Multiple myeloma is a blood cancer of the plasma cells and develops in the bone marrow, the soft spongy tissue found in the center of the bones. In addition to plasma cells, bone marrow also contains other blood cells, such as red cells, white cells, and platelets.
Plasma cells in a healthy individual create antibodies that help the body fight off infections and other diseases. In a person with multiple myeloma, the cancerous plasma cells make an abnormal antibody, called a monoclonal protein, or M protein, which can also be called an M-spike, monoclonal immunoglobulin, or paraprotein. The M protein builds up and pushes out the red cells, white cells, and platelets in the bone marrow.
Because there is less room for normal blood cells in the bone marrow, bone damage may occur causing bone pain, osteolytic lesions, which are weak spots on the bones, fractures, or increased levels of calcium in the blood, called hypercalcemia. Decreased blood cell numbers can also cause anemia, excessive bleeding, and a decreased ability to fight off germs or infections. The M protein buildup has the ability to cause kidney damage or damage to other organs if it accumulates too much in the blood or urine.
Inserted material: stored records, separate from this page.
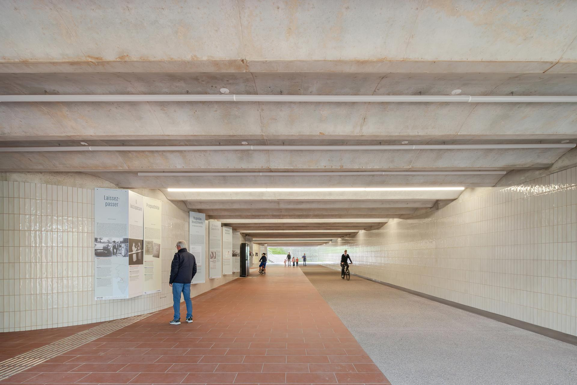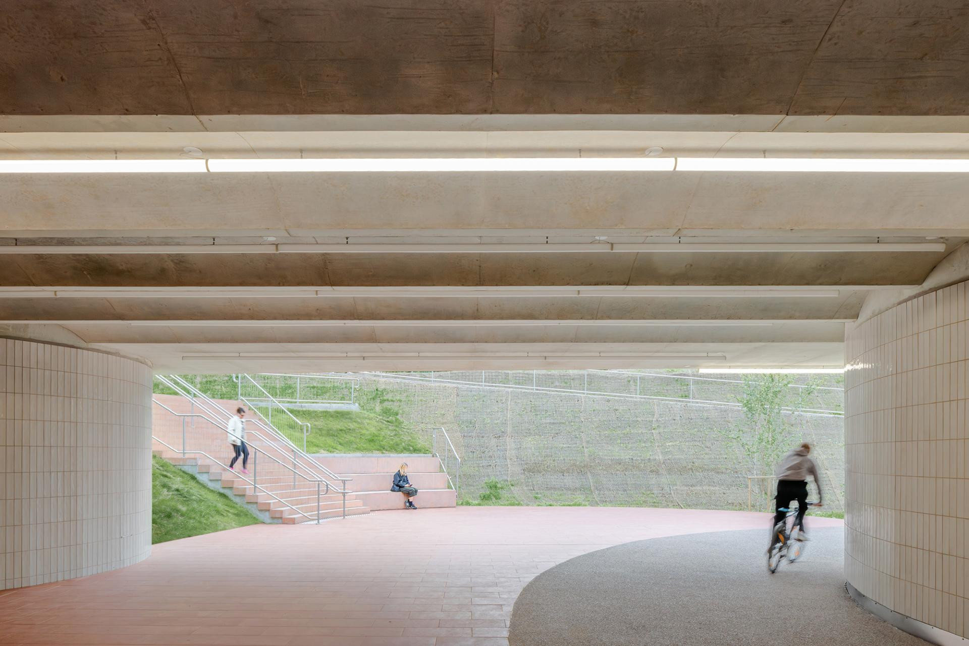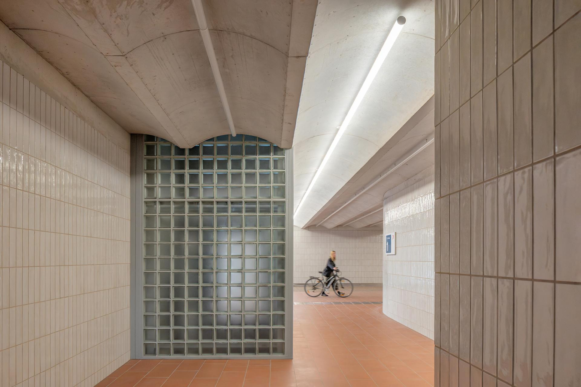 Posebna je pažnja posvećena i materijalima. Cilj je bio stvoriti svijetao, ugodan i pristupačan prostor. Prirodna svjetlost, reflektirajuće bijele pločice i živopisno popločavanje jasno odvajaju pješačku i biciklističku zonu. Opekom u boji popločene površine nastavljaju se iz prolaza prema vanjskim vrtačama, gdje jarke boje rampi i stubišta stvaraju kontrast naspram zelenim površinama. Tako se stvara dojam bliskosti s prirodom, unatoč građevinskom zahvatu.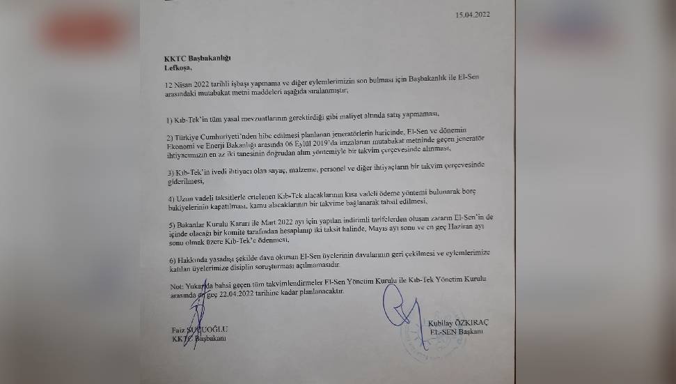 Kıbrıs Türk Elektrik Kurumu Çalışanları Sendikası (EL-SEN) Mali Sekreteri Mustafa Yenigüç, bir yazılı açıklama yaparak, 12 Nisan 2022 tarihinde başlattıkları iş başı yapmama eylemlerini önerileri kabul edilmesi sonucunda son bulduğunu duyurdu.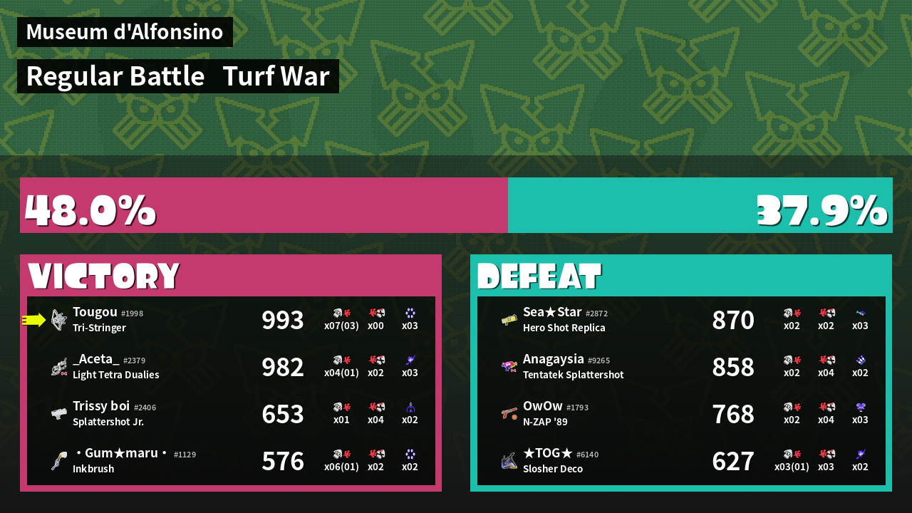 | Mode | Turf War - Regular Battle | ||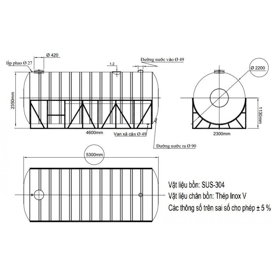 Bản vẽ téc nước inox 20 khối nằm Đại Thành SUS 304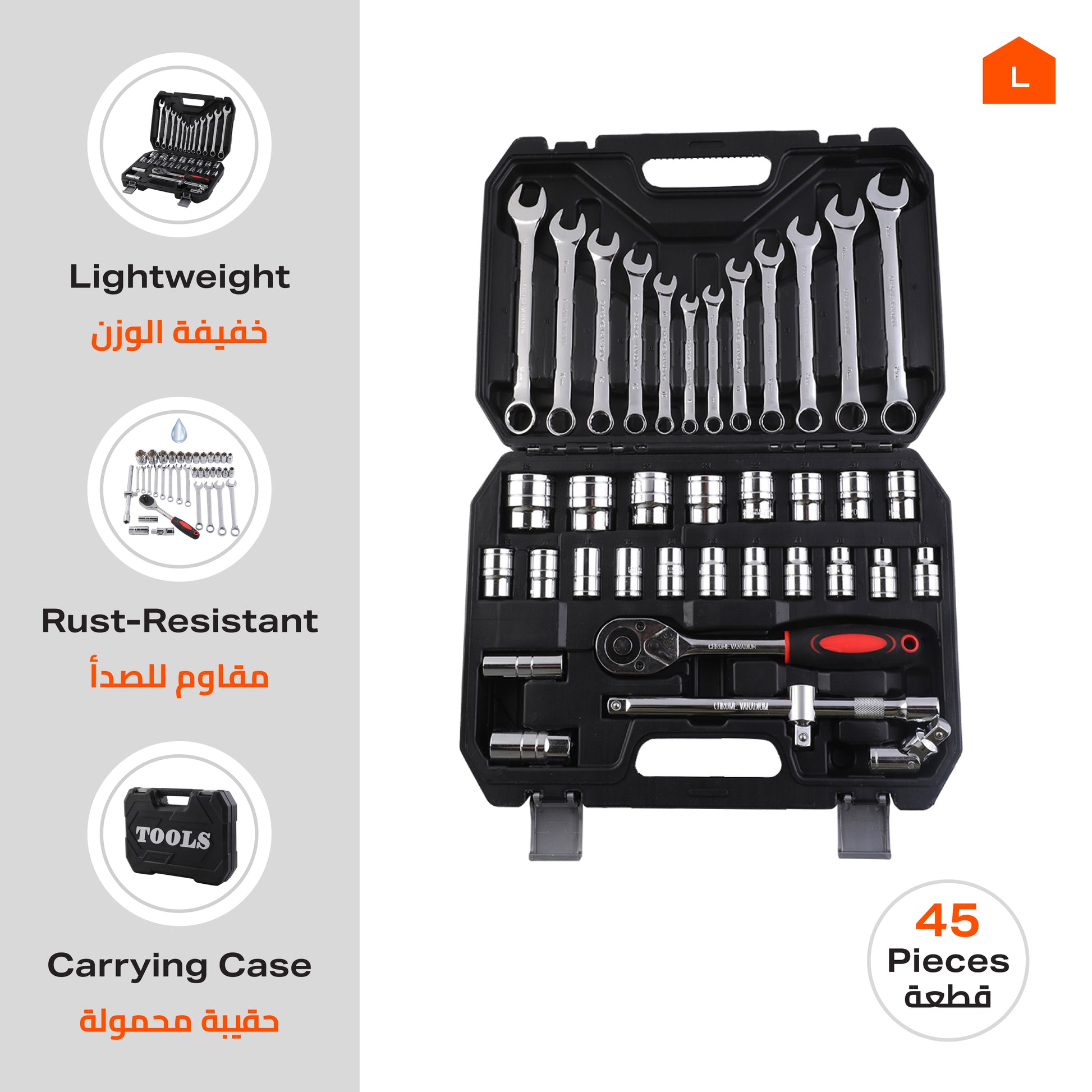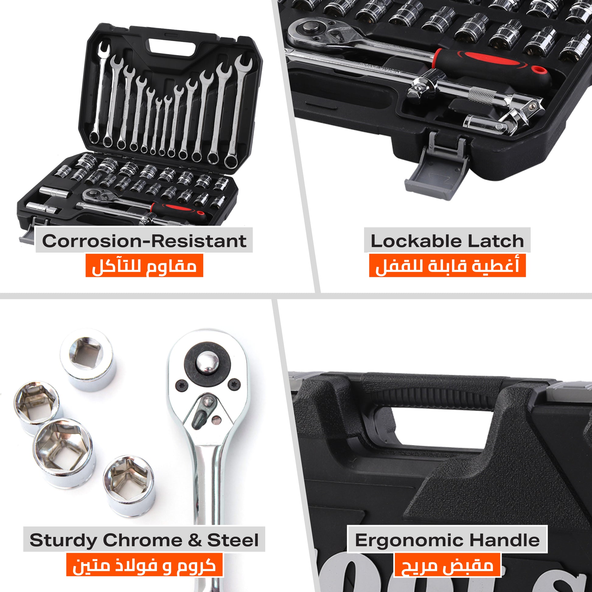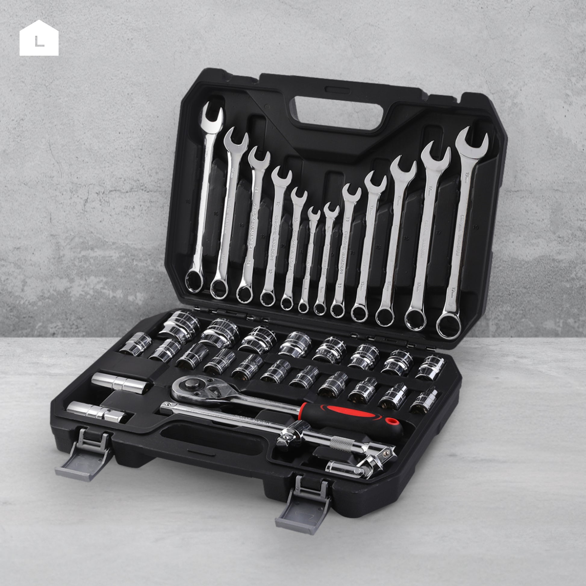 مجموعة أدوات مع حقيبة حمل - 37 قطعة - طقم مقبس ومفتاح ربط بمقبض سقاطة ومقابس سداسية للاستخدام في السيارة والجراج والمنزل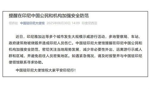In recent days, large-scale demonstrations have erupted in several Indonesian cities, including Jakarta, with police stations, train stations, and government buildings set on fire, resulting in casualties among Indonesian citizens, according to a notice published by Chinese embassy in Indonesia on Saturday.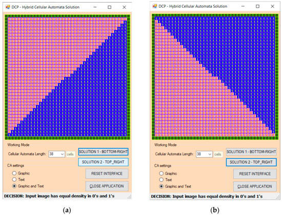 (a) Final image of the CA with random initial image and decision for the bottom-right solution; (b) Final image of the CA with the same initial image as in case (a) and decision for the top-right solution.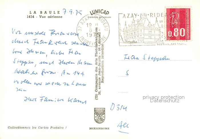13742508 La Baule sur Mer 44 Vue aerienne postalisch gelaufen Erhaltung siehe scans [FriedD77] carte postale Frie Katcode 11170044344055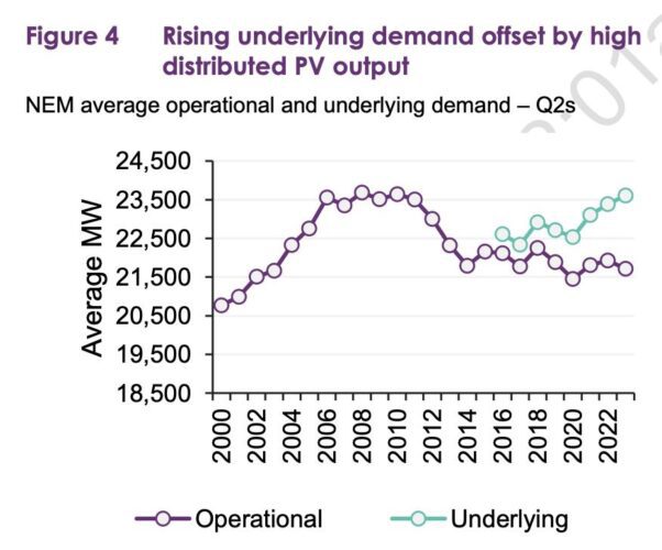 It meant that the average “operational” demand on Australia’s main grid – known as the National Electricity Market – fell to its lowest Q2 average since Tasmania joined the market in 2005, even though “underlying” demand jumping to its highest level since 2016 thanks to a cold snap in May.
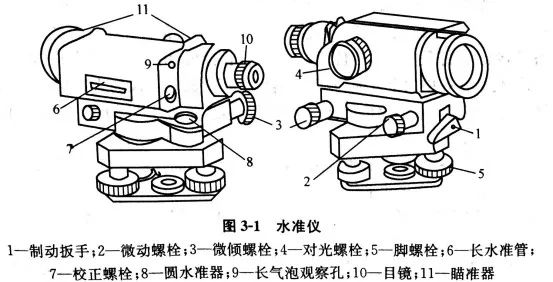 水準(zhǔn)儀(英文:level)是建立水平視線測(cè)定地面兩點(diǎn)間高差的儀器。原理為根據(jù)水準(zhǔn)測(cè)量原理測(cè)量地面點(diǎn)間高差。主要部件有望遠(yuǎn)鏡、管水準(zhǔn)器(或補(bǔ)償器)、垂直軸、基座、腳螺旋。按結(jié)構(gòu)分為微傾水準(zhǔn)儀、自動(dòng)安平水準(zhǔn)儀、激光水準(zhǔn)儀和數(shù)字水準(zhǔn)儀(又稱電子水準(zhǔn)儀)。按精度分為精密水準(zhǔn)儀和普通水準(zhǔn)儀。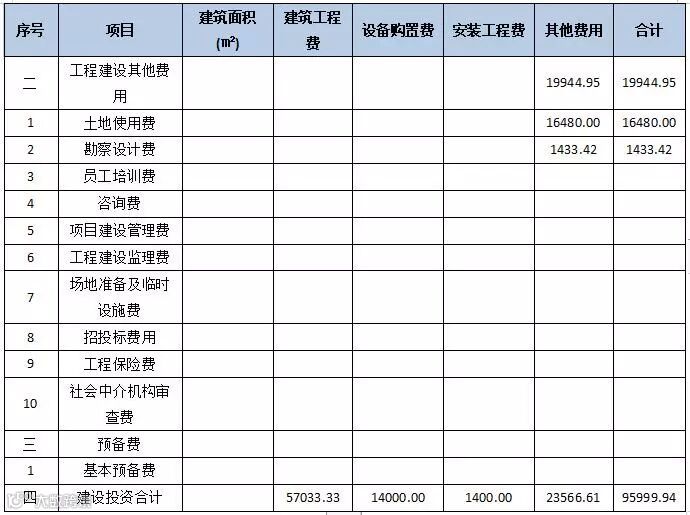 项目建设投资费用为95999.94万元,其中工程费用为72433.33万元,工程建设其他费用为19944.95万元,预备费为3621.67万元,具体如下表所示: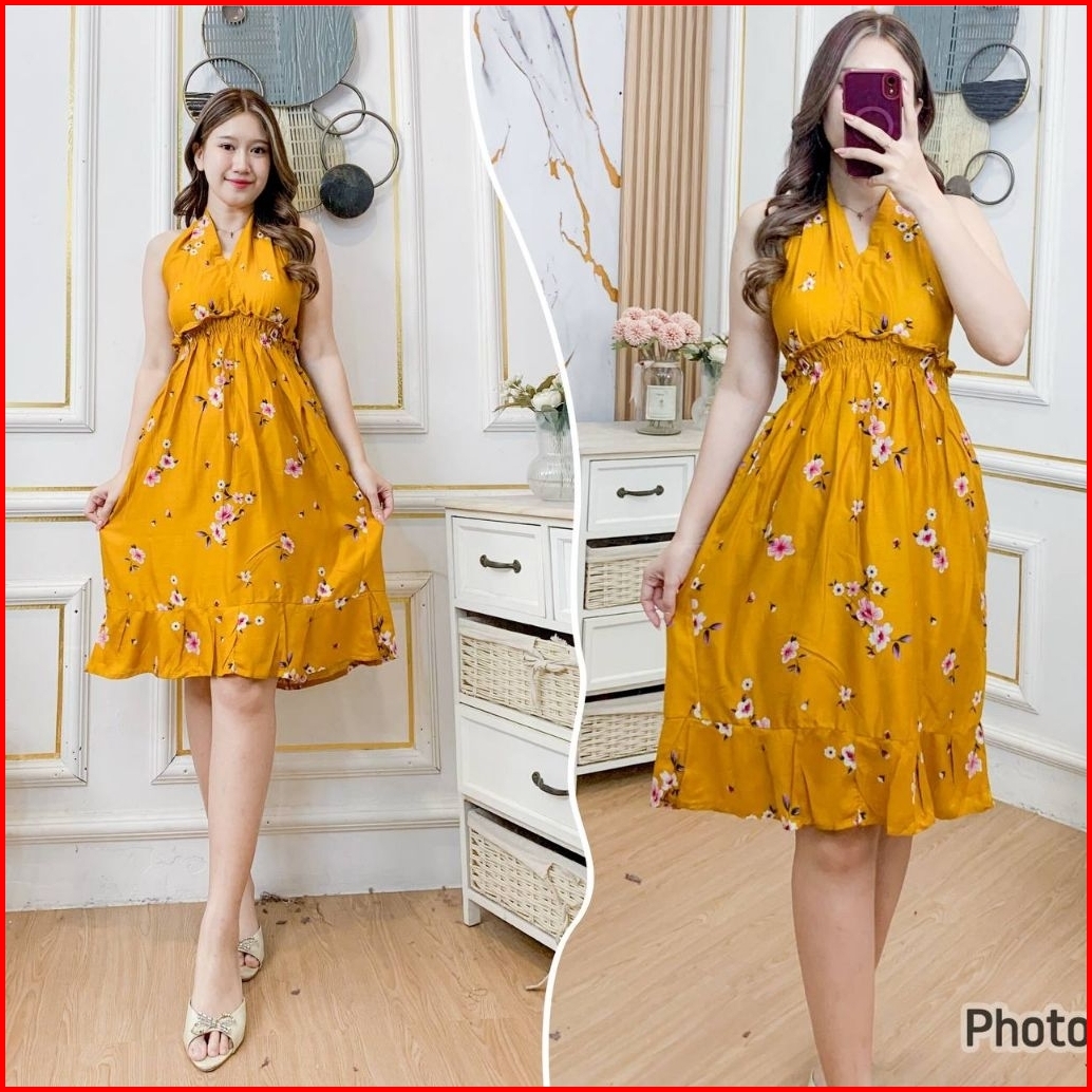 Daster Bali Pendek Tali Ikat Leher Alessa Bunga-bunga
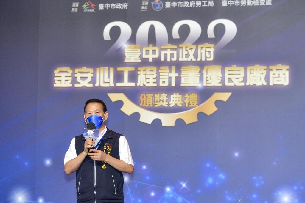台中市政府昨(21)日在台中裕元花園酒店4樓溫莎廣場舉行「2022台中市政府金安心工程計畫優良廠商頒獎典禮」,勞工局長張大春昨出席頒獎表揚,張局長表示,盼透過實質獎勵措施,鼓勵事業單位投入防災資源,改善施工安全文化,為勞工打造安全衛生的工作環境。
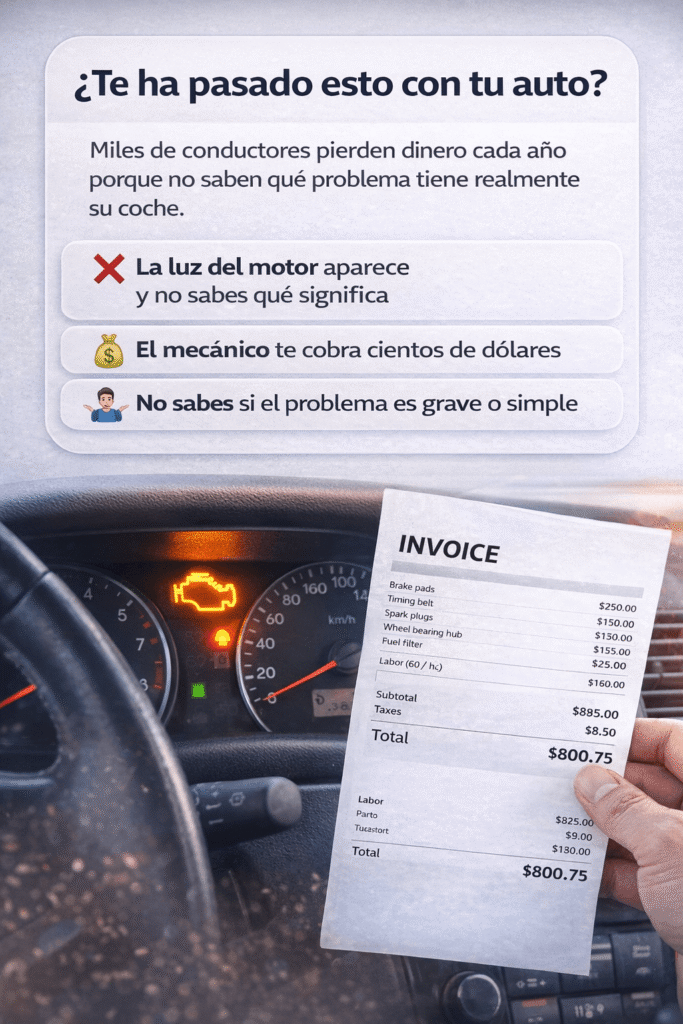 Te ahorra dinero y evita gastos innecesarios. Lo conecté en minutos y al instante pude ver lo que pasaba con mi auto. Comprar tus luces OEM o tus piezas y luego ir al taller con las piezas me ha parecido ideal.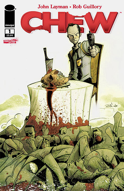 כמו שסדרות המשטרה בטלוויזיה השתנו בשנים האחרונות לסדרות גימיק כמו "המנטאלסיט" ו"שקר לי", גם בקומיקס השוטרים מקבלים גימיקים. צ'ו (Chew) גם הוא של הוצאת Image, מתרחשת בעולם שבו לאחר ששפעתה עופות הורגת 23 מיליון אמריקאים, והעוף הופך לבלתי חוקי. טוני צ'ו, שוטר בפילדלפיה מגוייס ל-FDA (הרשות לאוכל וסמים) שהיא עכשיו מחלקת הלחימה בפשע החזקה ביותר בארה"ב.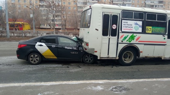 В областном центре произошла автомобильная авария с участием такси и маршрутки. Легковушка врезалась в автобус в районе остановки «Оренбургского казачества» на ул. Чкалова.

Continued research is being done to understand exactly how multiple myeloma forms, but the exact reasoning has not yet been determined. While some mutations have been identified as genetic risk factors, multiple myeloma is not considered a hereditary disease and genetic mutations can vary from person to person.
Multiple myeloma is categorized into three stages, stage I, stage II, or stage III. Stage I is typically less aggressive, while stage III is the most aggressive. Classifying multiple myeloma by stage can lead to a better understanding of the best course of treatment or risk associated with the disease.